When asked if he felt that the internal problems at Red Bull Racing could prove to hurt the team's efforts on track, Whitmarsh said: "I think if your drivers aren't working together then it is one more distraction you could do without."

Whitmarsh reckoned that any decision that could leave one driver feeling as though he is being disadvantaged, such as the removal of parts to give to his team-mate, needed careful thought to consider the consequences.

"You have got to think carefully about decisions," he said. "Drivers are immensely competitive individuals. They wouldn't be doing that job otherwise, so if they perceive something that is not even-handed or fair, then you are going to have some trouble.

"There is always a potential tension with two drivers in the same team fighting for a championship.
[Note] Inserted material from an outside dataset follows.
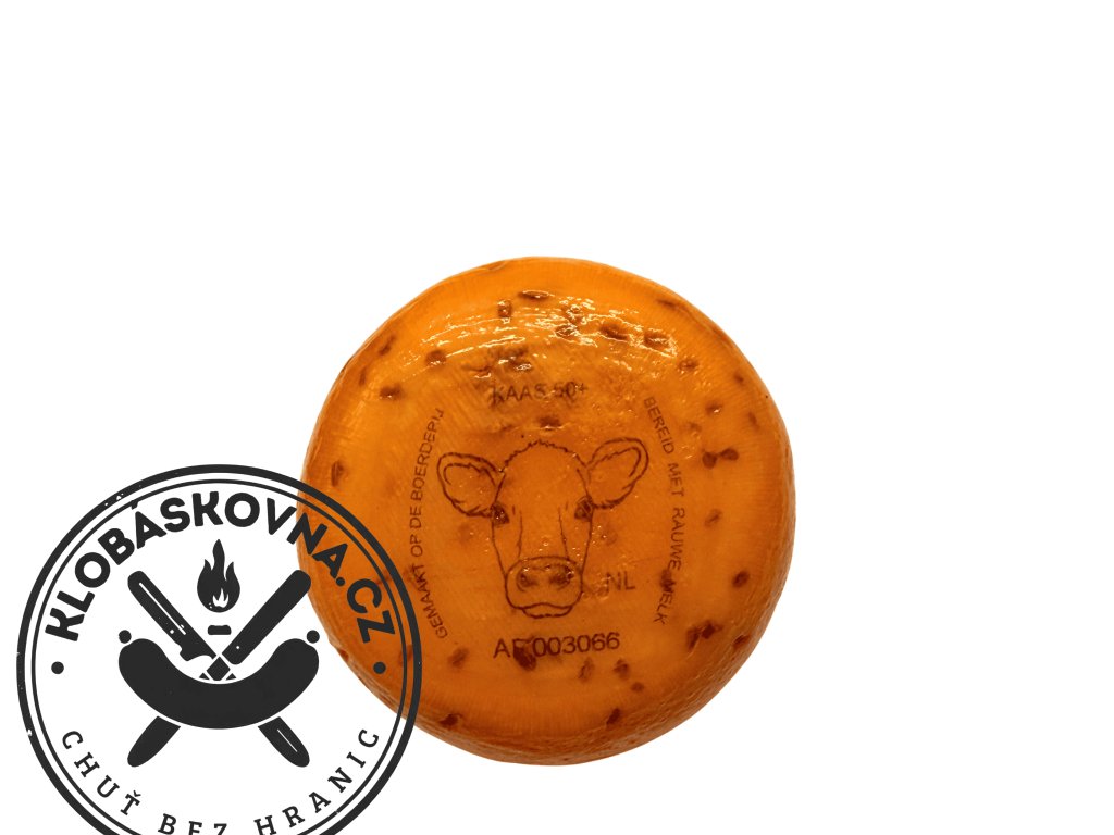 Tradiční farmářský holandský sýr s označením Boerenkaas, ručně vyráběný na statku z čerstvého nepasterizovaného kravského mléka. Pískavice (fenugreek) dodává sýru jemně oříškovou chuť a aromatické tóny. Skvělý k vínu i na sýrové prkénko. Originální produkt z Nizozemska.

We've experienced that a few times, it's difficult, but I have to say that so far I think we are in reasonable shape in that regard."

Whitmarsh has close-hand experience of dealing with such driver tensions, when Fernando Alonso had a difficult time working with the outfit in 2007.

Looking back on the events of that season, which included the outfit getting dragged into a spy case, Whitmarsh openly admitted that the off-track situation cost it the world title.

"2007 was a tough year for all sorts of reasons," he said. "We had a competitive car, we were trying to win the world championship but ultimately we lost it by one point. Certainly the histrionics that went around, cost us that world championship, so we had to understand and respect that."

He added: "But I know the depth of this racing team. I think the combination of the drivers, a reasonable car and a strong team has enabled us to be leading both championships."